In the Bayesian approach, we are actually measuring $P(\theta\mid D)$ from the beginning.
For some approachable reading on frequentist vs. Bayesian uncertainties, I'd suggest The Fallacy of Placing Confidence in Confidence Intervals, as well as my (rather opinionated) blog post on the topic, Confidence, Credibility, and why Frequentism and Science do not Mix.
Additionally, Bayesian approaches offer a very natural way to systematically account for nuisance parameters.
Consider that we now have a recipe for computing the posterior, $P(\theta\mid D,I)$. Recall that in general our model parameters $\theta$ contain some parameters of interest (what we called $\theta_S$, or the "science") and some nuisance parameters (what we called $\theta_N$).

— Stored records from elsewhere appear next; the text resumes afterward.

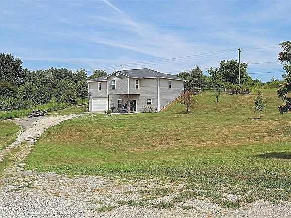 Ranch style with FULL LIVING QUARTERS in the basement. 2nd laundry, kitchen with appliances, living room, sleeping area. All the same quality and finish as the main level. 9.5 ft ceilings. Living quarters or finished basement is heavily insulated for sound and privacy. Would make a nice rental too! Entire home has hard wood floors except for the stairs. Hickory wood in main floor living room, hall, master bedroom, divided bedroom plan and surround sound. Walk in closets. More than adequate storage areas. Addition room off of the LR could be an office, den room for your plants etc.. Main level laundry room. Two car garage PLUS a 20x38 suspended garage/shop with over-sized garage door, opener, driveway to lower level. Tray ceiling in main living room has recessed lighting. Kitchen Cabinets are custom hickory. Both garages are heated and cooled. Remote works for both. Fenced area for pet. County water, SEMO Electric for internet, phone, TV. Nearly 1 acre. Internet is CIRCLE FIBER.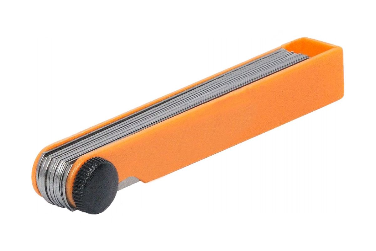 Плоские щупы служат для измерения зазоров. В комплекте 20 высокопрочных пластин с маркировкой (обозначение размера нанесено методом лазерной гравировки). Набор складывается в компактный веер.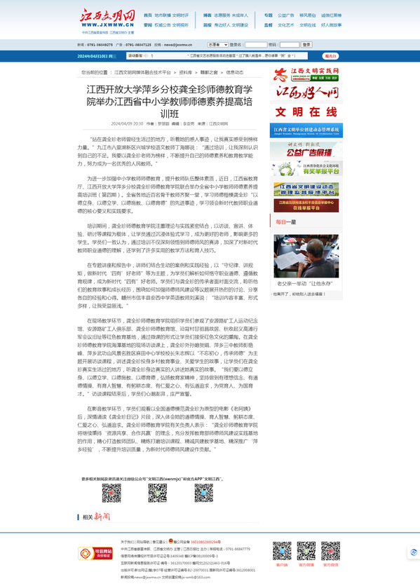 为进一步加强中小学教师师德教育,提升教师队伍整体素质,近日,江西省教育厅、beat365在线唯一官网萍乡分校龚全珍师德教育学院联合举办全省中小学教师师德素养提高培训班(第四期)。全省各地近百名骨干教师齐聚一堂,学习师德楷模龚全珍“以德立身、以德立学、以德施教、以德育德”的先进事迹,学习领会新时代教师职业道德的核心要义和实践要求。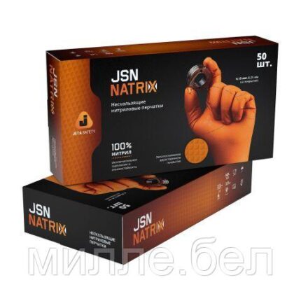 Перчатки нитриловые, р-р 8/М, оранж., уп. 25 пар, JetaSafety (Ультрапрочные) (JETA SAFETY)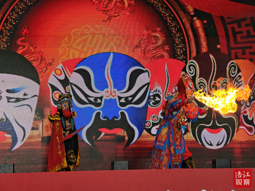 巡游隊(duì)伍抵達(dá)如意廣場后,文藝匯演拉開帷幕,歌曲、舞蹈、魔術(shù)、器樂演奏等節(jié)目輪番上演,美猴王互動(dòng)、吐火絕技、舞蹈《鳳鳴朝陽》等精彩節(jié)目引得現(xiàn)場掌聲不斷。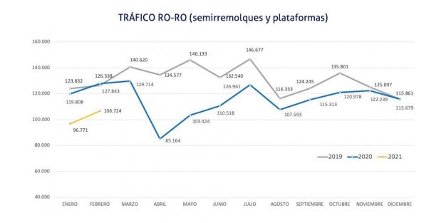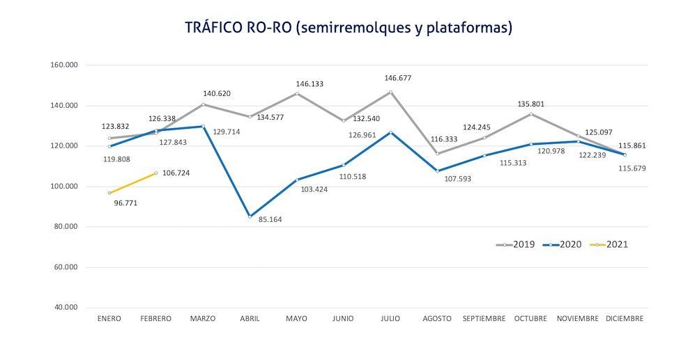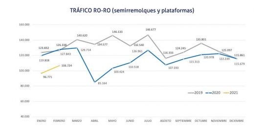 El tráfico ro-ro suma en los dos primeros meses de 2021 un total de 8.782.279 toneladas, un 14,4% menos que hace un año.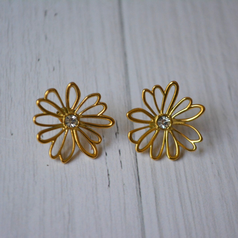Hermosos aretes de florecitas con pétalos y brillito. Acero inoxidable. No pesan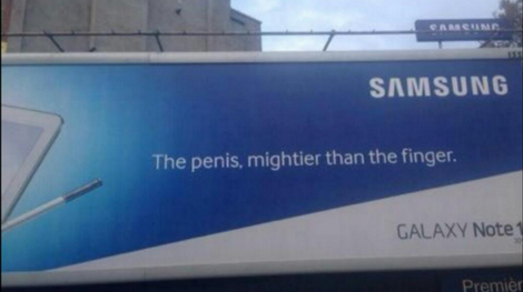 The original idiom, ‘The pen is mightier than the sword’ is now displayed by Samsung as ‘The penis, mightier than the finger’.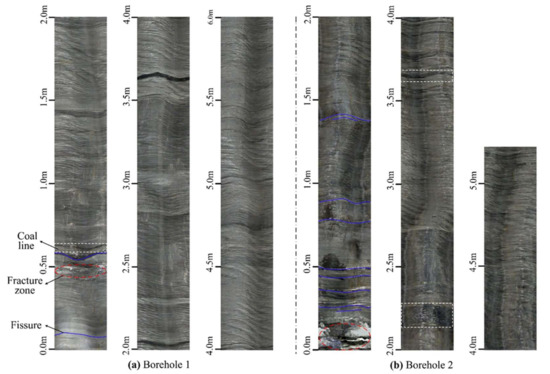 Borehole 1 was used to monitor fracture development during excavation (Figure 20a). Two fissures were observed at 0.15 and 0.6 m from the roof surface, and one fracture zone was recorded at 0.4 to 0.5 m from the roof surface (Figure 20a). In addition, two ultra-thin coal seams were found at 2.0 and 3.6 m from the roof surface. Fractures mainly occurred in the area close to the roof surface, and did not extend into the deep rock strata.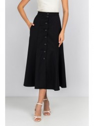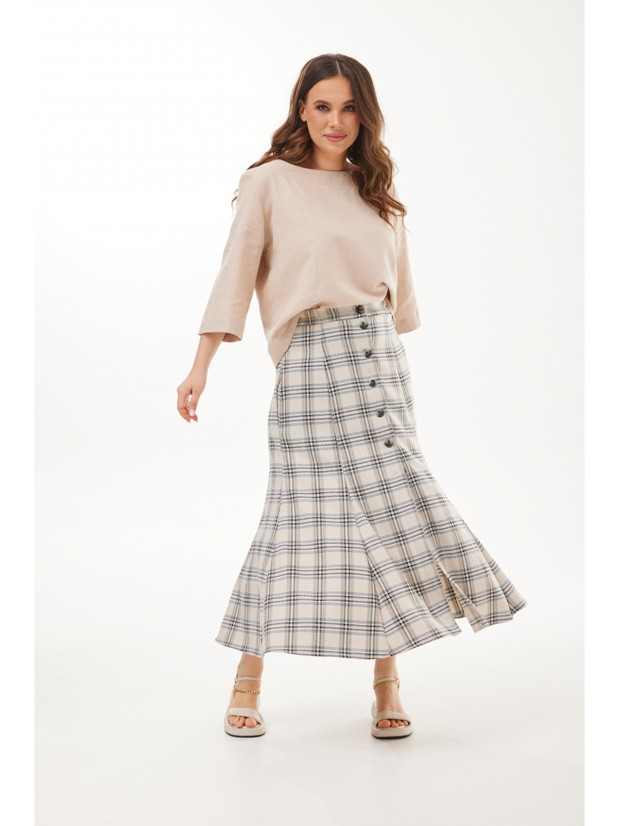 Оформить заказ →Стильная классическая юбка-годе на поясе, застёгивается на пуговицы спереди, в боковых швах карманы. По боку в поясе вставлена резинка. Свободная в бёдрах.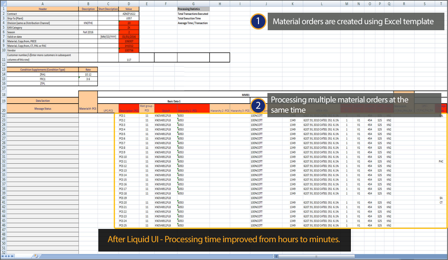 • Liquid UI for Excel simplified and automated their day-to-day material creation activities reducing the processing time from hours to a few minutes.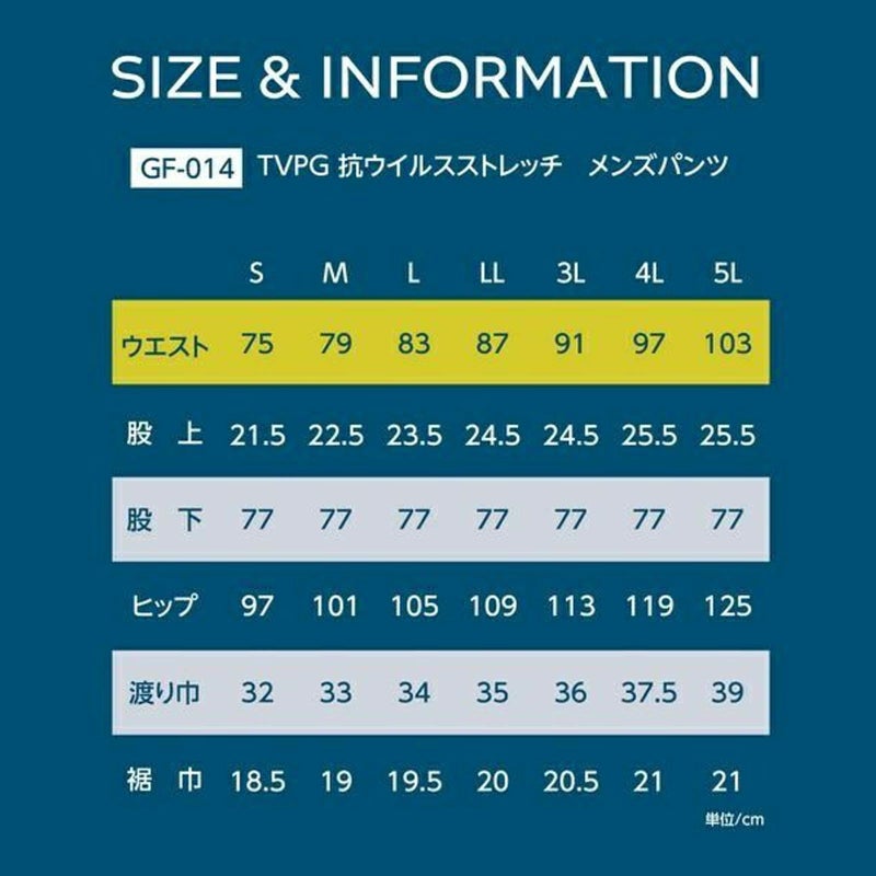 5. Gush Force 【TVPG抗ウイルス】メンズワークスーツ ストレッチパンツ 当店限定オリジナル ガッシュフォース GF-014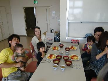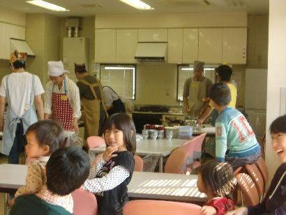 パパがお料理をしている間 ママと子どもたちは 多目的室で、スタッフと一緒に遊んだり、パパたちを見学に行ったりして 待っていました♪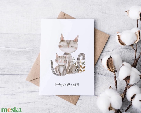 Kedves cicákkal illusztrált vicces Anyák napi köszöntőkártya, mely tökéletes ajándékkísérőnek is, de képkeretben az otthonodat is díszítheted vele!

That is, we're really measuring
$$ P(\theta_S,\theta_N\mid D, I) $$What we're really interested in, though, is $P(\theta_S\mid D, I)$ which we can compute via a straightforward marginalization integral:
$$ P(\theta_S\mid D, I) = \int P(\theta_S, \theta_N\mid D, I)d\theta_N $$where the integral is over the entire space of $\theta_N$. This quantity, the marginalized posterior, is our final result of interest.
At first glance, you might think this problem would be nearly as difficult as the computation of the FML above. We'll see later, however, that a feature of the MCMC approaches typical for large Bayesian problems is that such marginalized likelihoods come essentially for free.
We now have all the probabilistic machinery we need to do Bayesian inference... next we will get our fingers on our keyboards and fit some Bayesian models!